FIP. Leading to a failing heart. Fatal. Soon.
Might be days and might be weeks.
The room swam out of focus. Not again. I can't do this again. How did we go from probably worms to fatal so quickly? We have beautiful plans and Stewie is a big part of them. I have already taken measurements for his sunny window bed and expect that he will love this next phase of our journey. How long had it been since he last frolicked on the lawn with Chloe and me? A week? Days?
It will be painful. There are no treatment options. You need to make a decision to end his suffering. Now.
So for the second time in three days I pet my cat and whispered loving goodbyes to him as he slipped away from me.

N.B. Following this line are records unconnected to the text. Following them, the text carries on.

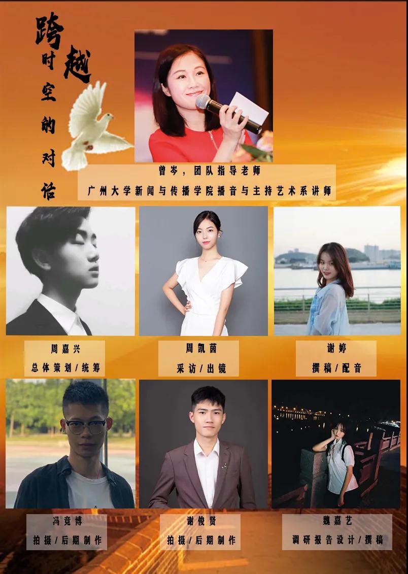 一路走来,实践团队得到了很多人的帮助:沉浸式话剧《1927·广州起义》的总导演王钰涵老师,通过对1927年广州起义扎实的研究,带领我们深入那段红色岁月;话剧主演李跃辉老师、王放老师、孟奉锦老师,向我们讲述了他们演绎红色历史故事时的感悟,那份激情令我们深感动容;《1927·广州起义》执行制作人陈爰帆老师,不仅是这部精彩的话剧得以呈现的幕后功臣,还在我们的调研过程中为我们提供了丰富的资料;还有广州起义纪念馆的各位老师,正是你们的精妙创意,让这部话剧得以诞生,让更多年轻人能够通过这样一种创新的方式,更好的走近那段烽烟岁月,了解广州起义的历史,感悟红色文化和革命精神。谨以此向各位提供帮助的老师们表示最真诚的谢意!
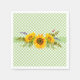 This country / farmhouse design has a beautiful and bright yellow watercolor sunflower bouquet and pastel green and white chequerboard.
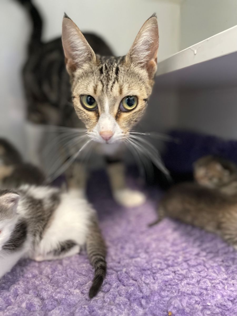Meet Tulip, a super sweet mama cat known for her loving and nurturing nature. Having done a remarkable job raising her six kittens and one foster kitten, this cat is a testament to motherly love and care in the feline world.
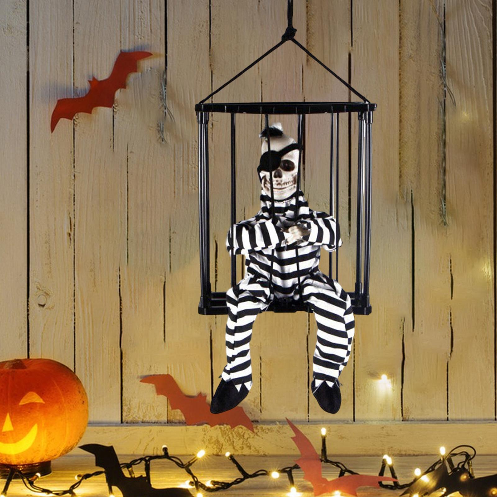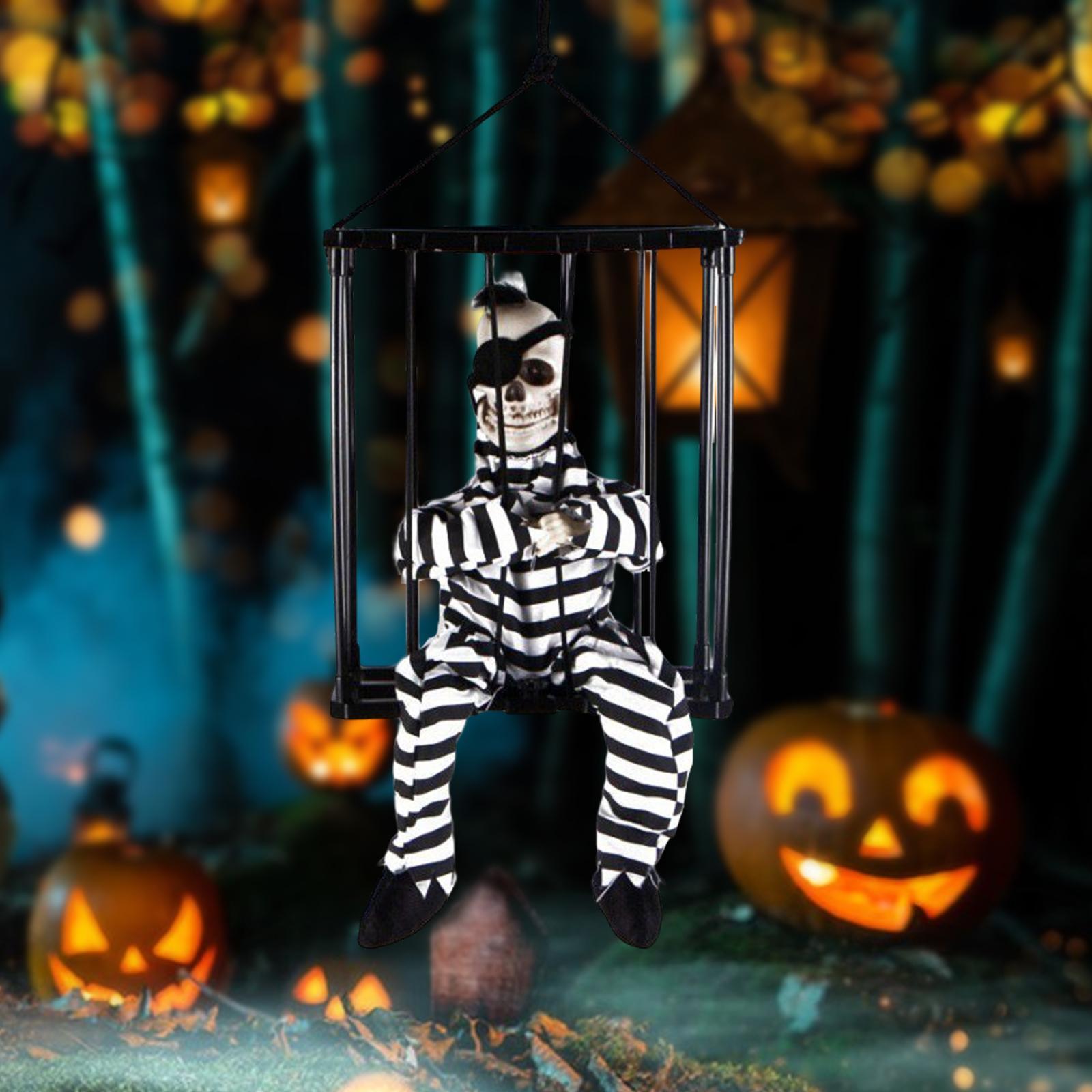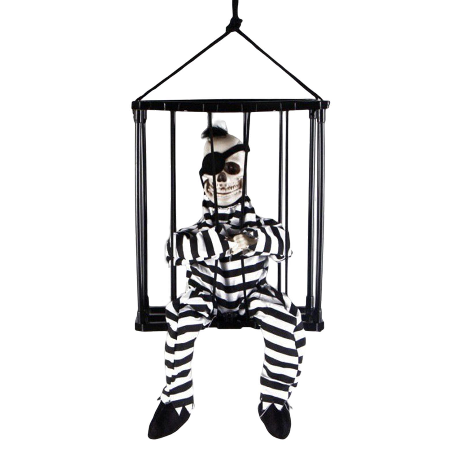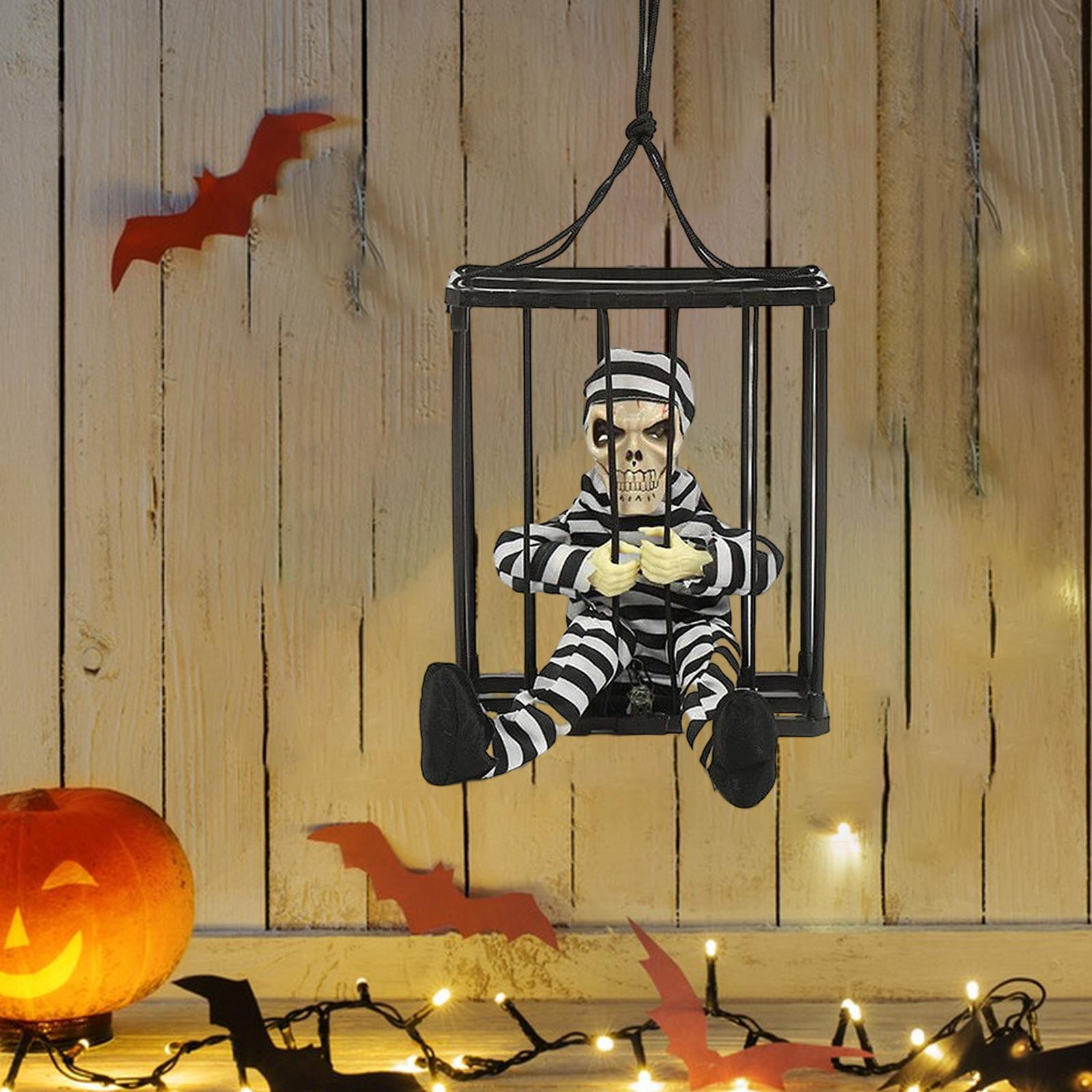 Scary Skull Cage Talking Prisoner: Scary skeleton halloween Specter horror prisoner toy in prison cage, when trigger the animated halloween decor, caged prisoner eyes Glowing Eyes reach his head out while screaming\' \'. Give a spook factor to Halloween decor.

|Stewie frolicking on the lawn in Oriental during our afternoon walk just a few weeks ago|
Lance and I went home and held Chloe tight. In just a few days we were reduced from a RVing family of five to a sailing family of three. At bedtime I reluctantly wiped "comfy pets" off the checklist and shuffled to bed where, for the first time in 15 years, there were no little furry bodies to welcome me.
|Starfish the heat-seeking missle hogging the propane heater in Yellowstone|
Starfish lived to be 15 and Stewie lived to be 14. Everyone we've met across the nation will remember them well. While Starfish ruled her kingdom from the sunny RV window, Stewie was always the campground celebrity as he made the rounds to visit our fellow campers wherever we went, or accepted loving pets from fans as he followed Chloe on our daily walks. Together we have traveled all across the USA - twice - and have seen some amazing sights in this great country of ours. They had an excellent life, were well loved and are greatly missed.